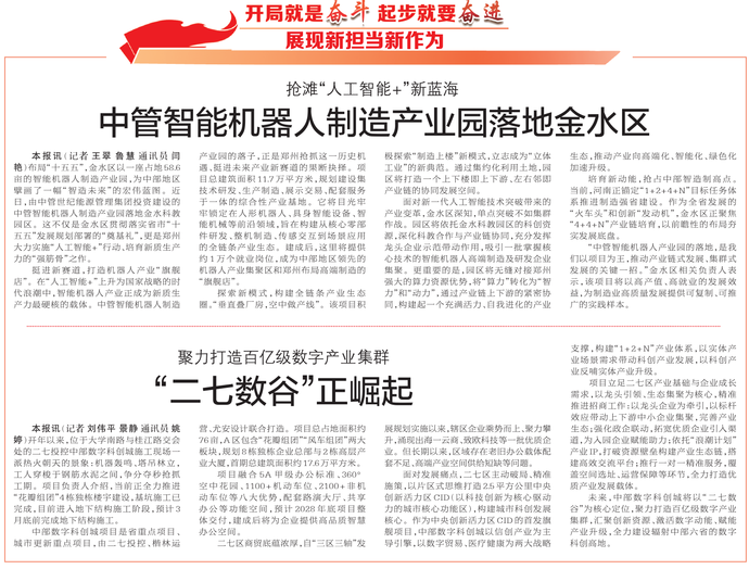布局“十五五”,金水区以一座占地58.6亩的智能机器人制造产业园,为中部地区擘画了一幅“智造未来”的宏伟蓝图。近日,由中管世纪能源管理集团投资建设的中管智能机器人制造产业园落地金水科教园区。这不仅是金水区贯彻落实省市“十五五”发展规划部署的“奠基礼”,更是郑州大力实施“人工智能+”行动、培育新质生产力的“强筋骨”之作。(今日《郑州日报》7版)
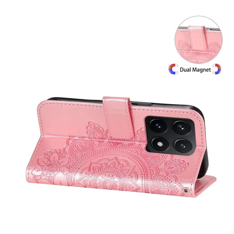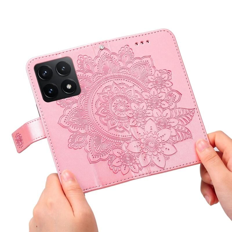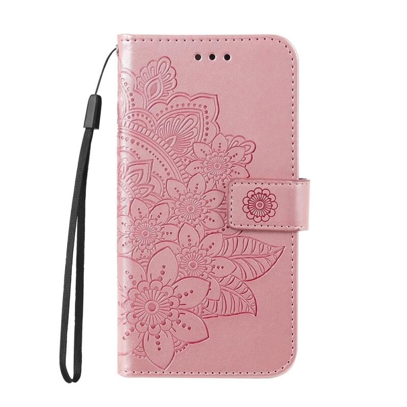 Για Xiaomi 14T Επτά-πέταλα λουλούδια ανάγλυφη δερμάτινη θήκη τηλεφώνου (Rose Gold)
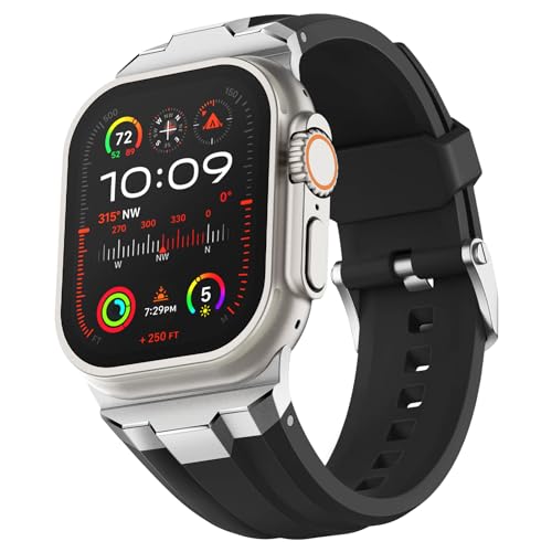 Robust sportarmband för män kompatibelt med Apple Watch Ultra 2/Ultra, armband 49, 44, 45, 42 mm, rostfritt stålband, hållbart silikonband för iWatch armbandsserie Ultra 9, 8, 7, 6, 5, 4, 3, SE
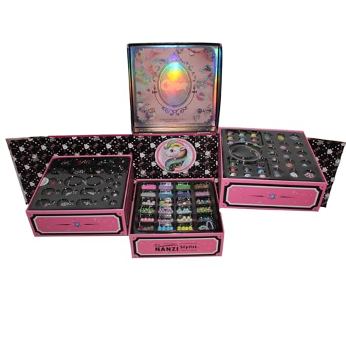 Peekaboo - صندوق مجوهرات ومكياج للأطفال من كانيا (8 في 1) بمقبض - أكثر من 2688 قطعة
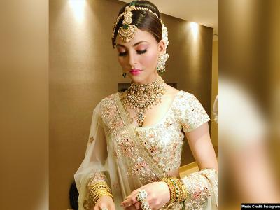 उर्वशी रौतेला ने इन तस्वीरों में दुल्हन वाला लंहगा पहना हुआ है।
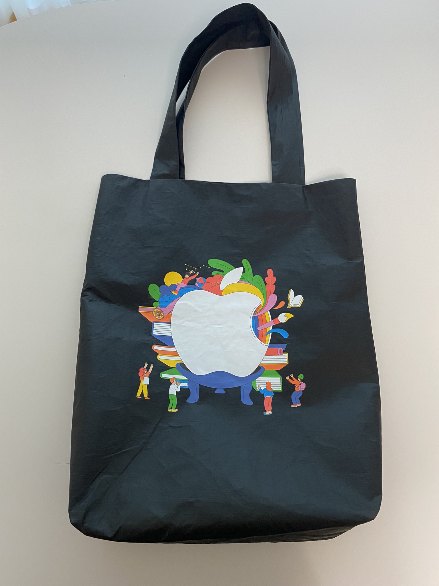 이번 명동점 오픈의 기념 굿즈는 기념 스티커와 에코백입니다. 인당 1개씩 받을 수 있어, 와이프와 함께 총 2개 받아왔습니다. 따로 판매하지 않는 제품이라고 하니 의미가 있는 것 같습니다. 에코백 소재가 정말 독특해요, 뭔가 비닐같으면서 내구성은 좋아보이는?? 애플은 굿즈도 정말 신경써서 만드는 것 같아요.😊
——
**AIM OF THE TASK:** Once the line containing "उर्वशी रौतेला ने" has been located, transcribe exactly and only every line from the first line of the entries through it, excluding pictures.

**SOLUTION:**
布局“十五五”,金水区以一座占地58.6亩的智能机器人制造产业园,为中部地区擘画了一幅“智造未来”的宏伟蓝图。近日,由中管世纪能源管理集团投资建设的中管智能机器人制造产业园落地金水科教园区。这不仅是金水区贯彻落实省市“十五五”发展规划部署的“奠基礼”,更是郑州大力实施“人工智能+”行动、培育新质生产力的“强筋骨”之作。(今日《郑州日报》7版)
 Για Xiaomi 14T Επτά-πέταλα λουλούδια ανάγλυφη δερμάτινη θήκη τηλεφώνου (Rose Gold)
 Robust sportarmband för män kompatibelt med Apple Watch Ultra 2/Ultra, armband 49, 44, 45, 42 mm, rostfritt stålband, hållbart silikonband för iWatch armbandsserie Ultra 9, 8, 7, 6, 5, 4, 3, SE
 Peekaboo - صندوق مجوهرات ومكياج للأطفال من كانيا (8 في 1) بمقبض - أكثر من 2688 قطعة
 उर्वशी रौतेला ने इन तस्वीरों में दुल्हन वाला लंहगा पहना हुआ है।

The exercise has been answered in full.